TDG separates pay TV refugees into two segments: cord-cutters (broadband users that once subscribed to pay TV but no longer do) and cord-nevers (broadband users that have never subscribed to pay TV).

Though they share obvious dispositions (they both subscribe to broadband but not pay TV) these two segments exhibit radically different profiles.

Cord-cutters, TDG said, are typically a bit older, enjoy higher annual incomes and are more likely to have children under 18 living in the home. Conversely, almost a third of cord-nevers are between the ages of 18 and 24, more than half have annual incomes under $30,000 and only one-fifth have children under 18 living in the home.

While TDG expects the number of former pay TV subscribers in both segments to increase over the next five years, it is cord-cutters that comprise the most immediate challenge for pay TV operators. The idea, notes Greeson, is that today’s young consumer is more technologically sophisticated than their predecessors, especially when it comes to entertainment.

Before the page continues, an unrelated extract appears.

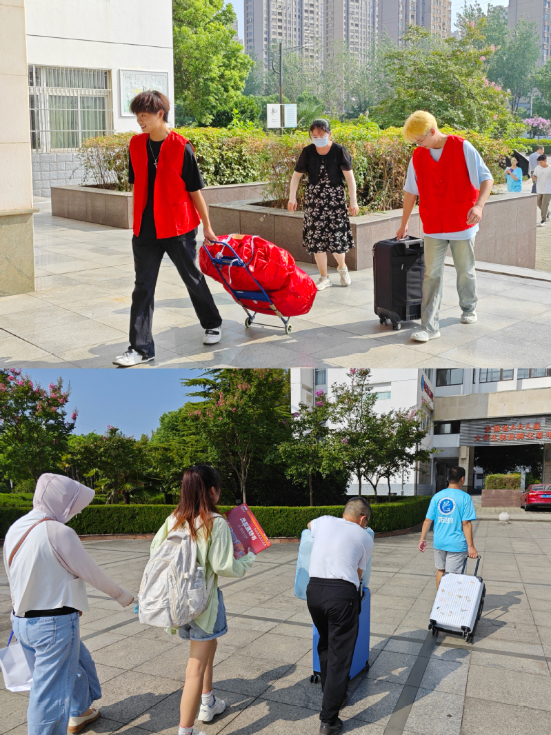 德赢ac米兰官方合作vwin党总支书记王莉娟、副院长杜丹、党总支副书记曾甜、团总支书记马宇飞及新生辅导员李顺顺一早便来到了学院的迎新接待点,时时关注迎新工作进展情况,反复叮嘱志愿者们一定要尽心尽力,履职尽责,为学院新生提供周到满意的服务,给新生一个最美的“初见”,让同学们感受到学院的温暖。志愿者们从新生手中拎过一件件行李,一趟趟来回穿梭在人群中,志愿者的一声问候、一个微笑、一次讲解,点点滴滴汇聚了他们的热情与期待,从校门口到学生公寓都记录着他们忙碌的身影,他们为陆续到来的新生有序提供接待引导、行李搬运、入学流程等服务,整个流程顺畅高效、井然有序。

In a world of net-connectable screens and online services like Netflix and Hulu, these pay TV prospects are fully aware of the existence and costs of such services. They understand the benefits and limitations of the online alternatives.

“Imagine you were a 20-year-old struggling to find a job (much less ‘the’ job), moving out on your own and for the first time faced with paying your own bills. Spending $80-$100 per month for a pay TV service, though enjoyable, is more of a luxury than a necessity.

“And by combining free over-the-air broadcasts with a couple of $8 per month OTT subscriptions and free online video, they can easily create an imperfect but sufficient substitution solution. And many will.”

The report features demographic and behavioral profiles of both segments, and offers a glimpse into the homes and minds of consumers that, for very specific reasons, have said “no” to traditional pay TV services. The report also forecasts for pay TV and home broadband subscriptions, as well as the growth of pay TV refugees through 2017.